Therefore, hindering the setup of memory or peripheral isolation hardware is an obvious candidate for physical attacks. The initialization phase has a constant time execution (like the previous boot-up state), therefore the timing of the attack is simpler, compared to cases when secure and non-secure runtime firmware is up-and-running for a while and IRQs make timing unpredictable.

Some examples of attacking isolation configuration are shown in the list below.

  • Hinder the setting of security regions. Try to execute non-secure code as secure.

  • Manipulate the setting of secure regions, try to extend the non-secure regions to cover a memory area which otherwise is intended to be secure area.

  • Hinder the setting of isolation boundary. In this case vulnerable ARoT code has access to all memory.

  • Manipulate peripheral configuration to give access to non-secure code to a peripheral which is intended to be secure.

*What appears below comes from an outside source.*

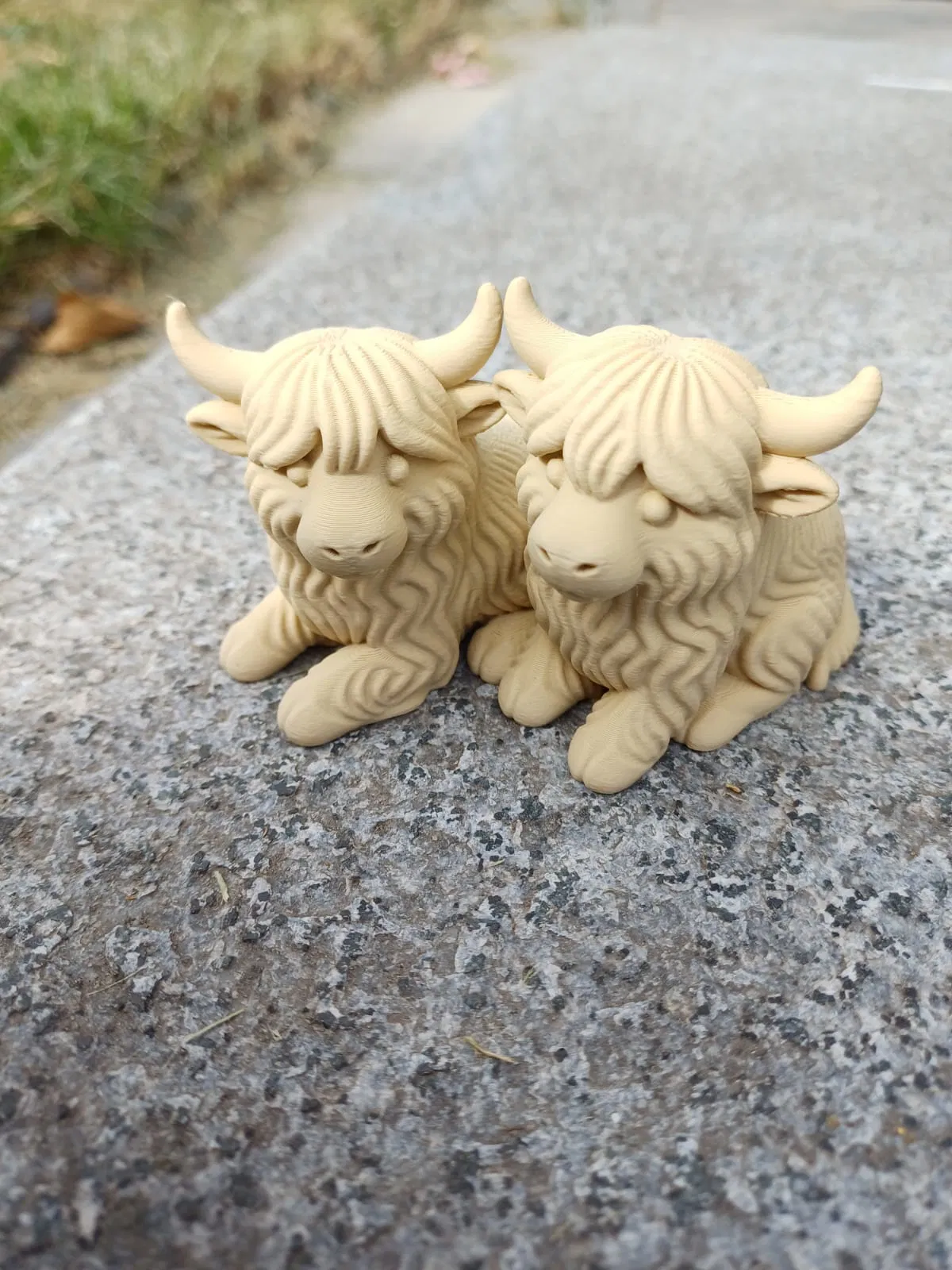 Xin chào cả nhà, đây là "bộ sưu tập" bé tí tẹo mà bạn sẽ được sở hữu: hai chú bò Highland bé bỏng, lông xù siêu đáng yêu, làm gì cũng có đôi có cặp nè — canh gác bàn làm việc, giám sát đồ ăn vặt, và "ò… ó… o…" cho bạn nghỉ ngơi thư giãn nha.

PSA client permission checks

TF-M SPM performs several permission checks against secure service requests from a PSA client, such as:

  • Check whether the PSA client is a non-secure client or a secure client

    NS client’s PSA client ID is negative. NS client is not allowed to directly access secure areas. A malicious actor can inject faults when TF-M SPM authenticates a NS client. It may manipulate TF-M to accept it as a secure client and allow the NS client to access assets.

  • Memory access checks

    TF-M SPM checks whether the request has correct permission to access a secure memory area. A malicious actor can inject faults when TF-M SPM checks memory access permission. It may skip critical check steps or corrupt the check result. Thereby a malicious service request may pass TF-M memory access check and accesses assets which it is not allowed to.

The physical attacks mentioned above relies on the a malicious NS application or a vulnerable RoT service to start a malicious secure service request to access the assets. The malicious actor has to be aware of the accurate timing of dealing with the malicious request in TF-M SPM. The timing can be affected by other clients and interrupts. It should be more difficult than pure fault injection.

Dynamic isolation boundary configuration

Physical attack may affect the isolation boundary setting during TF-M context switch, especially in Isolation Level 3. For example:

  • A fault injection may cause TF-M SPM to skip clear privileged state before switching in an ARoT service.

  • A fault injection may cause TF-M SPM to skip updating MPU regions and therefore the next RoT service may access assets belonging to a previous one.

However, it is much more difficult to find out the accurate timing of TF-M context switch, compared to other scenarios in TF-M SPM. It also requires a vulnerable RoT service to access assets after fault injection.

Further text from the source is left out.